▶ What to work on:
Repeat each entry exactly, but do not carry over the pictures.

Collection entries
────────────────────────────────────────
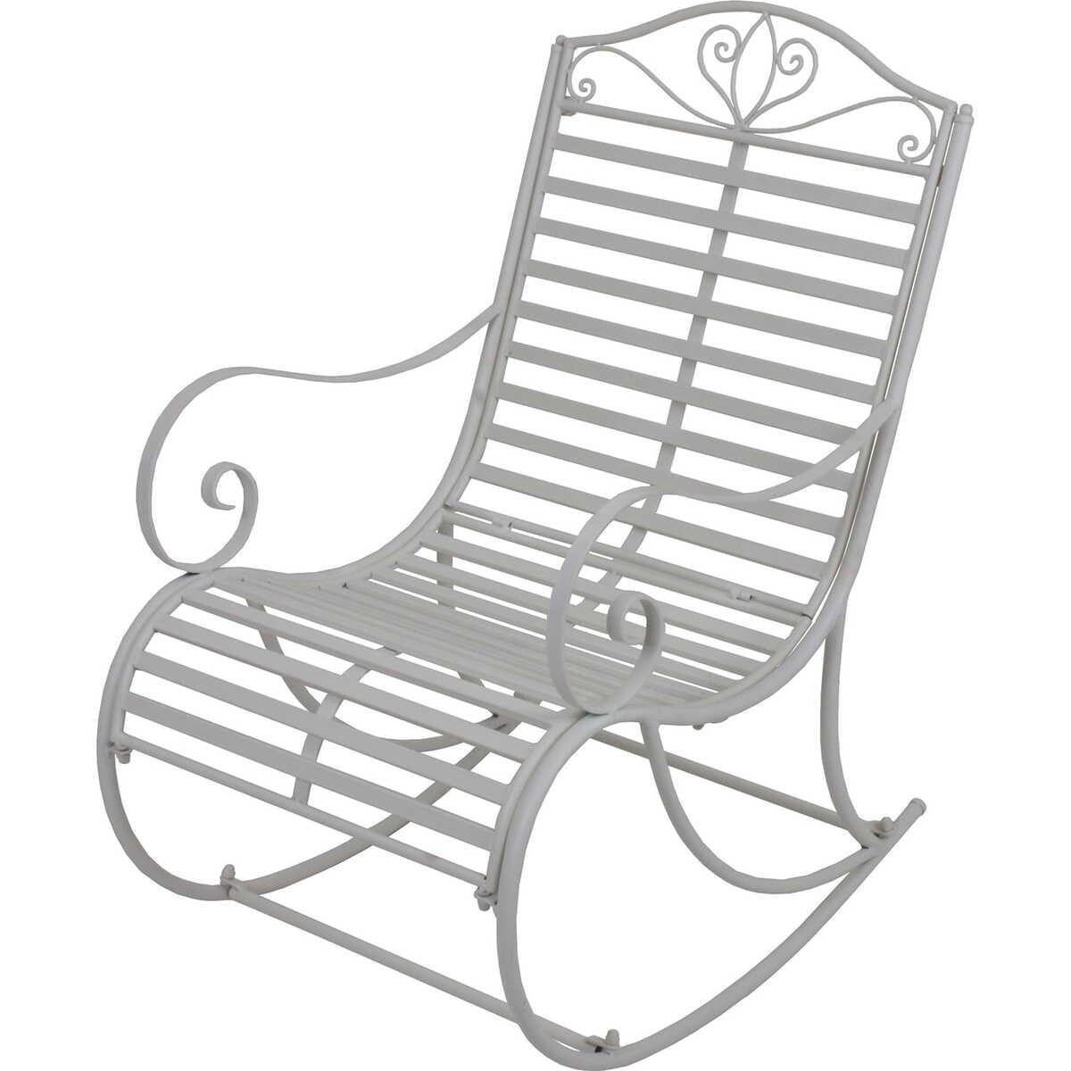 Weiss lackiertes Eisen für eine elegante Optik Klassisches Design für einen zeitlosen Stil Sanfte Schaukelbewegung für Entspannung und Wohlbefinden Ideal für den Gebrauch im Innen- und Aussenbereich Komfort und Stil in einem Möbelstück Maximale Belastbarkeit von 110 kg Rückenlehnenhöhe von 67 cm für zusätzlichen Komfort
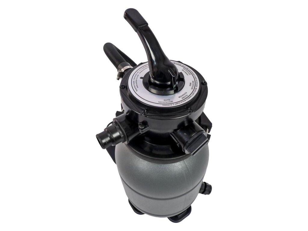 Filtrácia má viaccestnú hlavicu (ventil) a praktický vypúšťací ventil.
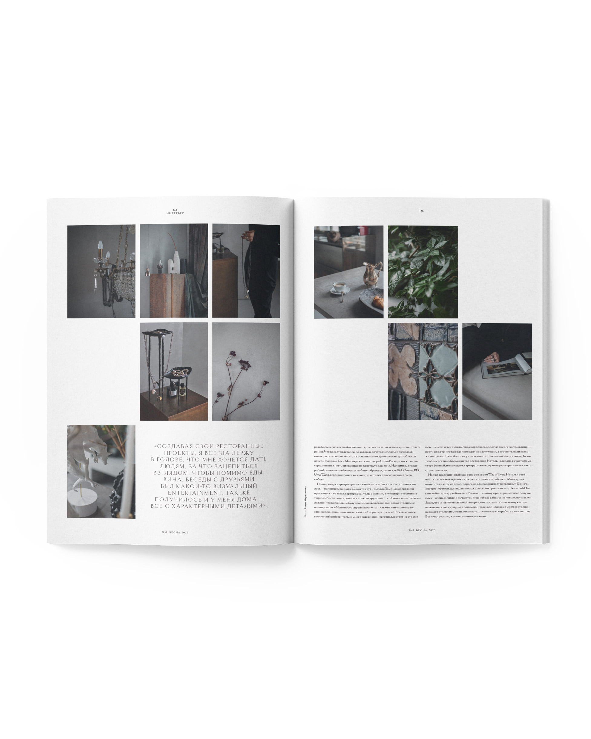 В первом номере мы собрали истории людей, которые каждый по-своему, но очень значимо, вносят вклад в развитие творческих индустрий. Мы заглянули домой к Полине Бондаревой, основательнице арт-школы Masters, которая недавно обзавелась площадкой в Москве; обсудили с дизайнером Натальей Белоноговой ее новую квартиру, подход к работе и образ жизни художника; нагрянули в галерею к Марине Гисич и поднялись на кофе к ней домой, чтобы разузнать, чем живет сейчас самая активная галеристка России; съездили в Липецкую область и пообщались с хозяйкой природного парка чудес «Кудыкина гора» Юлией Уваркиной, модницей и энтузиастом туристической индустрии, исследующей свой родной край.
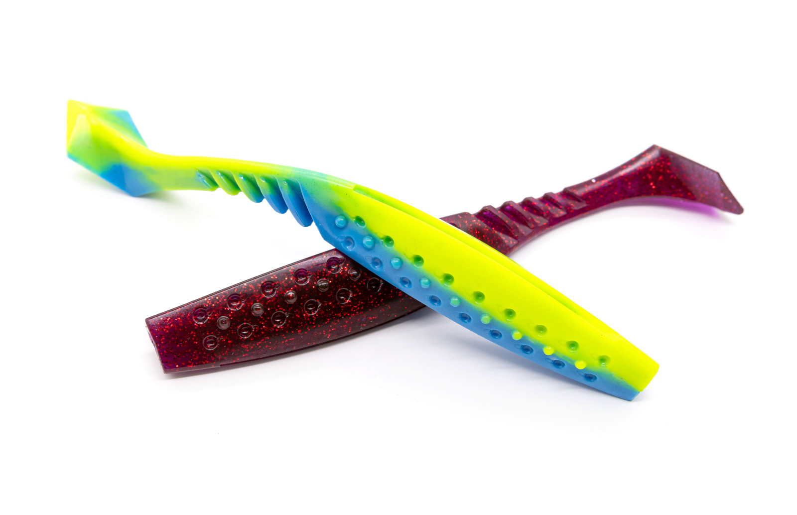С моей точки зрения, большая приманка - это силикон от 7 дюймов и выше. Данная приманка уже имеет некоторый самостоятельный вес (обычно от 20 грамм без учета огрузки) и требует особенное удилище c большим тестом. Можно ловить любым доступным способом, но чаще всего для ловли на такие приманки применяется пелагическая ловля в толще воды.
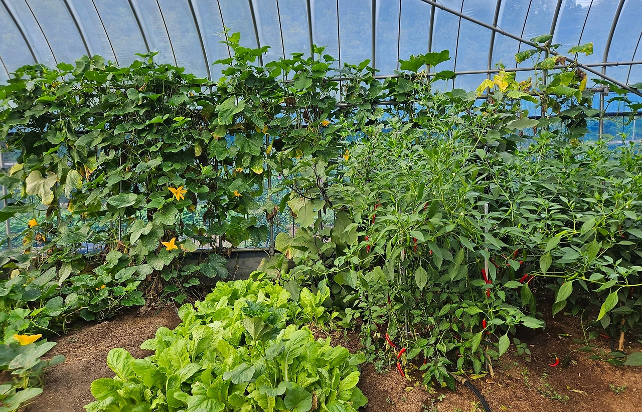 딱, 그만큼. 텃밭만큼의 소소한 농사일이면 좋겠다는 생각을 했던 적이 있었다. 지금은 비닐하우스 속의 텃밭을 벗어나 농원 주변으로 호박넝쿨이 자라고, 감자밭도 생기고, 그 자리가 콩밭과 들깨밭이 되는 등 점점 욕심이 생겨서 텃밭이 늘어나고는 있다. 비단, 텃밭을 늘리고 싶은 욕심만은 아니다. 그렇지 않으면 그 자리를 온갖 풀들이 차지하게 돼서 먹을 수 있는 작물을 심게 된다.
────────────────────────────────────────
▶ Your solution:
 Weiss lackiertes Eisen für eine elegante Optik Klassisches Design für einen zeitlosen Stil Sanfte Schaukelbewegung für Entspannung und Wohlbefinden Ideal für den Gebrauch im Innen- und Aussenbereich Komfort und Stil in einem Möbelstück Maximale Belastbarkeit von 110 kg Rückenlehnenhöhe von 67 cm für zusätzlichen Komfort
 Filtrácia má viaccestnú hlavicu (ventil) a praktický vypúšťací ventil.
 В первом номере мы собрали истории людей, которые каждый по-своему, но очень значимо, вносят вклад в развитие творческих индустрий. Мы заглянули домой к Полине Бондаревой, основательнице арт-школы Masters, которая недавно обзавелась площадкой в Москве; обсудили с дизайнером Натальей Белоноговой ее новую квартиру, подход к работе и образ жизни художника; нагрянули в галерею к Марине Гисич и поднялись на кофе к ней домой, чтобы разузнать, чем живет сейчас самая активная галеристка России; съездили в Липецкую область и пообщались с хозяйкой природного парка чудес «Кудыкина гора» Юлией Уваркиной, модницей и энтузиастом туристической индустрии, исследующей свой родной край.
С моей точки зрения, большая приманка - это силикон от 7 дюймов и выше. Данная приманка уже имеет некоторый самостоятельный вес (обычно от 20 грамм без учета огрузки) и требует особенное удилище c большим тестом. Можно ловить любым доступным способом, но чаще всего для ловли на такие приманки применяется пелагическая ловля в толще воды.
 딱, 그만큼. 텃밭만큼의 소소한 농사일이면 좋겠다는 생각을 했던 적이 있었다. 지금은 비닐하우스 속의 텃밭을 벗어나 농원 주변으로 호박넝쿨이 자라고, 감자밭도 생기고, 그 자리가 콩밭과 들깨밭이 되는 등 점점 욕심이 생겨서 텃밭이 늘어나고는 있다. 비단, 텃밭을 늘리고 싶은 욕심만은 아니다. 그렇지 않으면 그 자리를 온갖 풀들이 차지하게 돼서 먹을 수 있는 작물을 심게 된다.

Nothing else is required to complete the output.